Information given:
------------------------------------------------------------------------
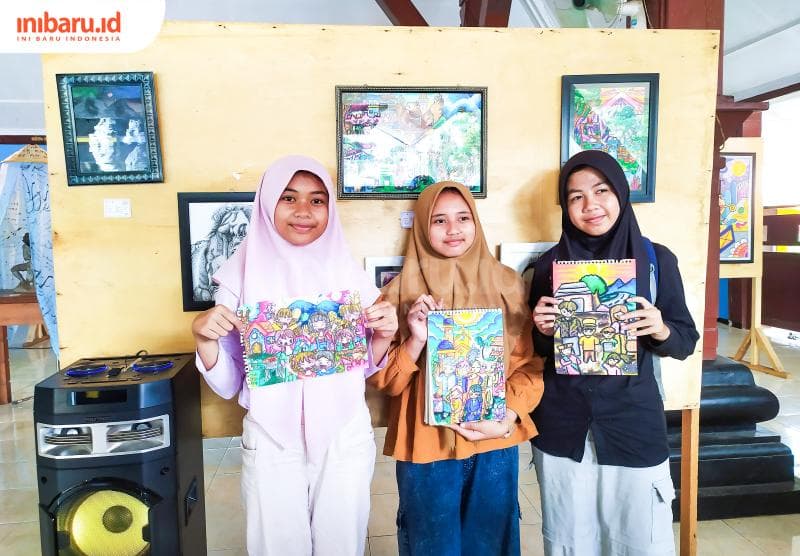 Hasil karya pelajar SMPN 1 Tayu saat mengikuti acara melukis bersama para seniman Pati. (Inibaru.id/ Rizki Arganingsih)
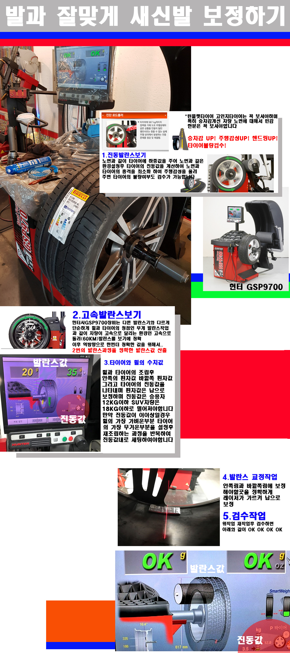 그리고 작업자에게는 불필요한 발란스납을 붙이지 않아 미관상으로 좋고 납을 절약하는 고객님에게도윈이고 작업자에게도 윈윈할수 있는 장비입니다 그리고 시중에서 고속진동발란스라고 말하시는 샵들이 많은데 꼭아셔야하는것은 고속발란스는 말그대로 발란스를 볼때 고속으로 돌리기에 60키로 전후 그리고 진동값을 계산하기위해서는 발란스기에 진동롤러가 있어야합니다 그래서 미국헌터사 GSP9700장비가 유일합니다 다른 샵에서 말하는 발란스기는 고속진동발란스기능없는 일반발란스 기기입니다 이점 꼭 아시고 장착하시기를 바랍니다
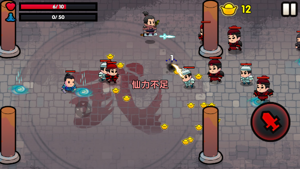 滑动左边的摇杆,点击右边的攻击键,击杀敌人的同时尽可能的拾取元宝。
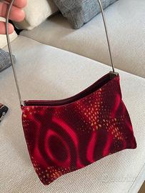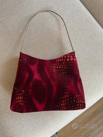 Borsa in velluto a costine color rosso brunito con motivi in oro, manico rigido in acciaio e chiusura interna con zip.
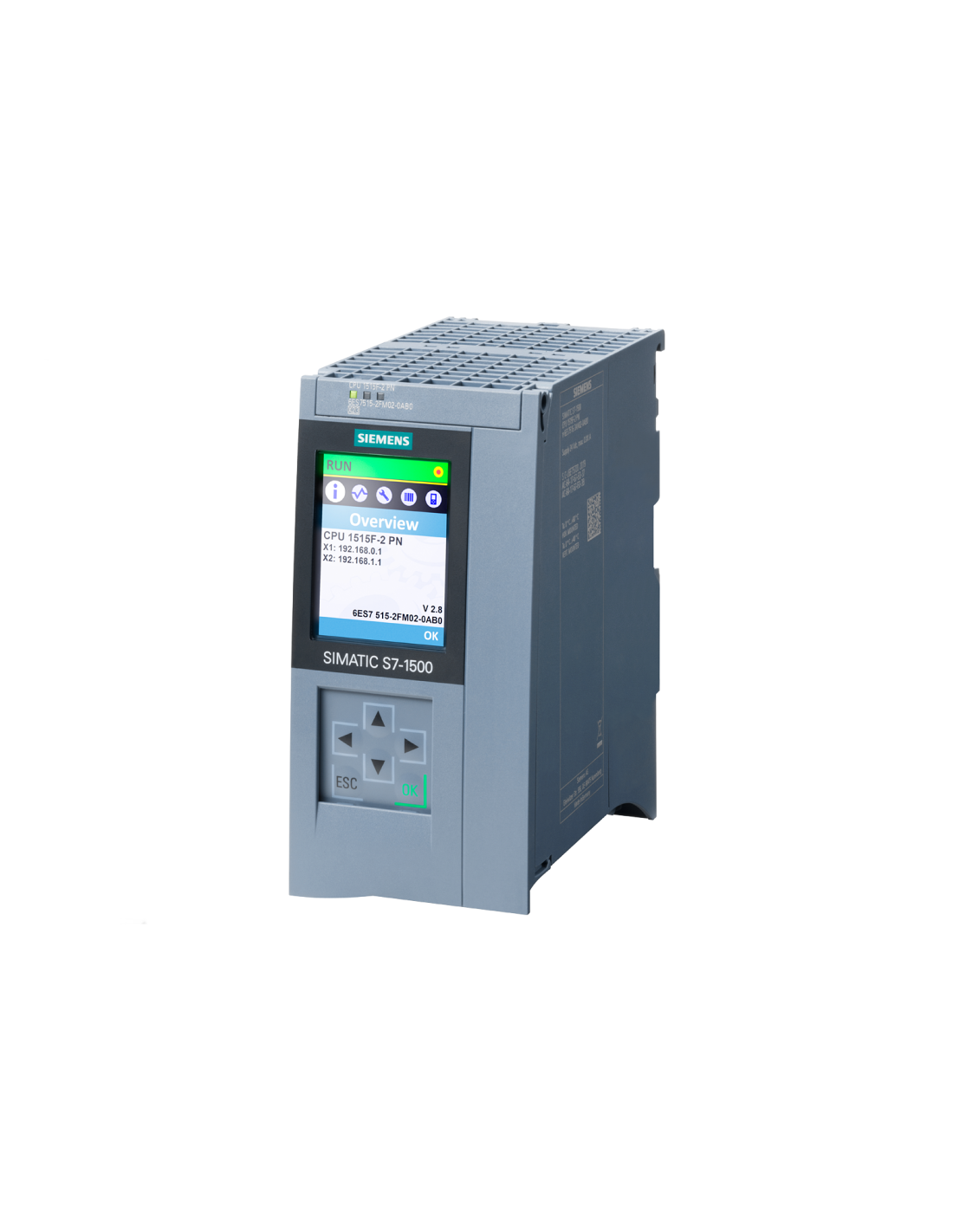 Zentraleinheit SIEMENS SIMATIC S7-1500 CPU 1515-2 PN - 6ES7515-2AM02-0AB0 , Zentraleinheit mit 500 KB Arbeitsspeicher für Programme und 3 MB für Daten, 1. Schnittstelle: PROFINET IRT mit 2-Port-Switch, 2. Schnittstelle: PROFINET RT, Leistung 30 ns, SIMATIC-Speicherkarte erforderlich.
------------------------------------------------------------------------
All the lines above need to be repeated exactly, with no pictures carried over.

Answer section:
 Hasil karya pelajar SMPN 1 Tayu saat mengikuti acara melukis bersama para seniman Pati. (Inibaru.id/ Rizki Arganingsih)
 그리고 작업자에게는 불필요한 발란스납을 붙이지 않아 미관상으로 좋고 납을 절약하는 고객님에게도윈이고 작업자에게도 윈윈할수 있는 장비입니다 그리고 시중에서 고속진동발란스라고 말하시는 샵들이 많은데 꼭아셔야하는것은 고속발란스는 말그대로 발란스를 볼때 고속으로 돌리기에 60키로 전후 그리고 진동값을 계산하기위해서는 발란스기에 진동롤러가 있어야합니다 그래서 미국헌터사 GSP9700장비가 유일합니다 다른 샵에서 말하는 발란스기는 고속진동발란스기능없는 일반발란스 기기입니다 이점 꼭 아시고 장착하시기를 바랍니다
 滑动左边的摇杆,点击右边的攻击键,击杀敌人的同时尽可能的拾取元宝。
 Borsa in velluto a costine color rosso brunito con motivi in oro, manico rigido in acciaio e chiusura interna con zip.
 Zentraleinheit SIEMENS SIMATIC S7-1500 CPU 1515-2 PN - 6ES7515-2AM02-0AB0 , Zentraleinheit mit 500 KB Arbeitsspeicher für Programme und 3 MB für Daten, 1. Schnittstelle: PROFINET IRT mit 2-Port-Switch, 2. Schnittstelle: PROFINET RT, Leistung 30 ns, SIMATIC-Speicherkarte erforderlich.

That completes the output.